Eliminate Requirements That Would Limit the Use of Telehealth. States can encourage or require issuers to eliminate any requirements that would limit to the use of telehealth. That may be a general requirement to treat telehealth and in-person visits equally, with no limitations on telehealth services that do not also apply to in-person care (New Mexico and New York). States can also enumerate specific conditions that should be waived, such as limiting the device or platform used to deliver telehealth care; requiring that the provider or patient have a prior relationship, or that the telehealth visit be provider-to-provider; requiring greater documentation for claims submissions; or limiting coverage to in-network providers (See e.g., Massachusetts, Louisiana, and Texas).

Provider Reimbursement Cannot be Lower. States can also require issuers to reimburse providers for telehealth visits at a level no lower than the rate that applies for in-person services (see Massachusetts, New Mexico and Texas).  

States may want to take additional steps to encourage the broader use of telehealth, such as:

Addressing Provider Licensing, Credentialing, and Malpractice Issues: Federal guidance encourages states to consider whether state licensing laws could be relaxed to enable more in-state and out-of-state providers to offer telehealth services during the public health emergency. For example, Mississippi is allowing out-of-state providers to deliver telehealth services without a state license, so long as they have a prior relationship with the patient. Departments of Insurance can complement such directives by requiring or asking issuers to relax credentialing requirements (see, e.g., Vermont). Malpractice concerns may also warrant guidance. For example, Wisconsin regulators have asked medical malpractice insurers to provide coverage for telemedicine under the same terms for providers as if they were providing services in-person.

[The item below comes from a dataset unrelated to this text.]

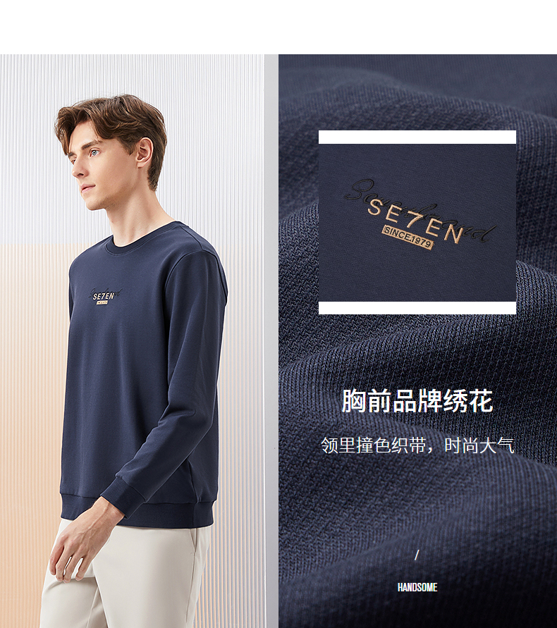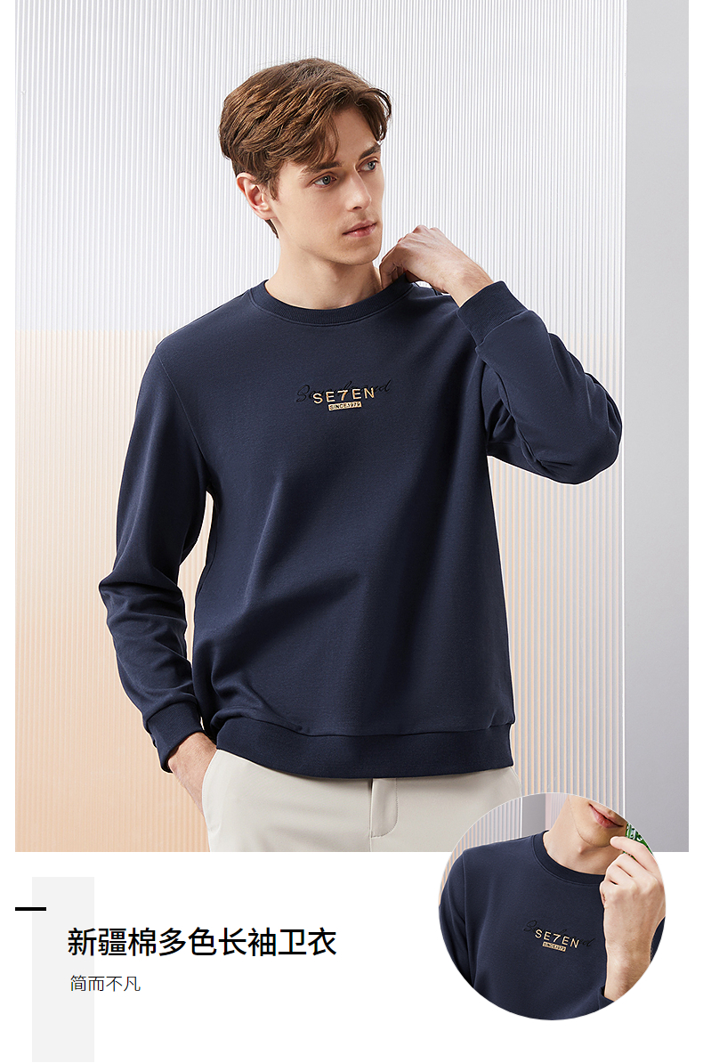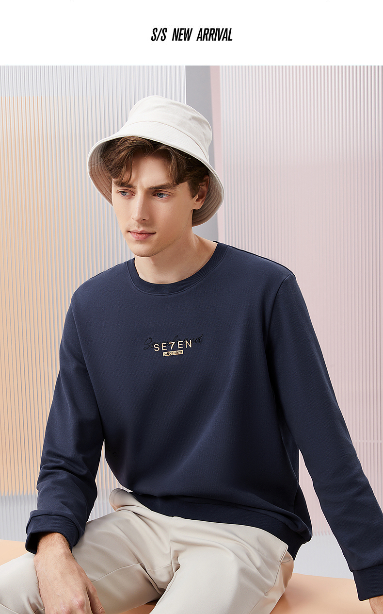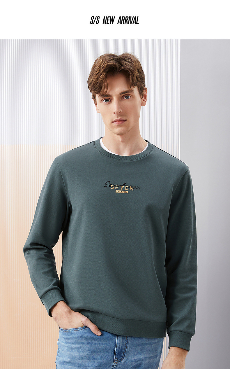 【5A抗菌】柒牌男装卫衣男2024春季新款时尚休闲圆领长袖套头上衣 126W70150
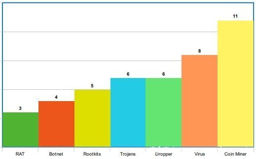 据统计,挖矿软件是Windows蜜罐监测到最多的恶意软件,其次是病毒,dropper和特洛伊木马。

Coding Complaints to Capture Telehealth Issues: In order to monitor compliance with guidance encouraging greater use of telehealth services, regulators should code complaints to capture problems with obtaining coverage of telehealth services, whether for enrollees or providers. New Mexico regulators have issued guidance urging issuers to take proactive measures to encourage use of telehealth. However, after receiving calls from providers and consumers reporting problems with coverage of telehealth, regulators issued additional guidance reminding issuers of their obligations under the state’s telehealth parity law and the Mental Health Parity and Addiction Equity Act.

Collect Data to Inform and Support Post-Pandemic Use: States that have issued guidance that applies only during the public health emergency may want to extend those policies to improve access to underserved areas and underrepresented providers after the crisis has passed. To help inform broader use post-pandemic, states should collect data to identify gaps in access. For example, communities without reliable broadband service or families without wireless connections cannot take advantage of telehealth services. Understanding these barriers and their impact on access to care is critical to building support for a more equitable telemedicine infrastructure. This will be important not only to improve health outcomes in underserved communities but also to support the social distancing necessary to combat COVID-19 and any future pandemics.

Next Steps for States

Federal and state public health authorities are strongly recommending the use of telemedicine in order to reduce exposure to COVID-19. To make that possible on a widespread basis, state officials have a critical role to play in reducing potential regulatory and financial barriers to this method of health care delivery. Several state departments of insurance have already issued guidance or instructions to insurers regarding coverage of and reimbursement for telehealth services and more are likely to follow. In doing so, state DOIs will also need to closely track issuer and consumer experiences with services delivered via telehealth and the payment of associated claims.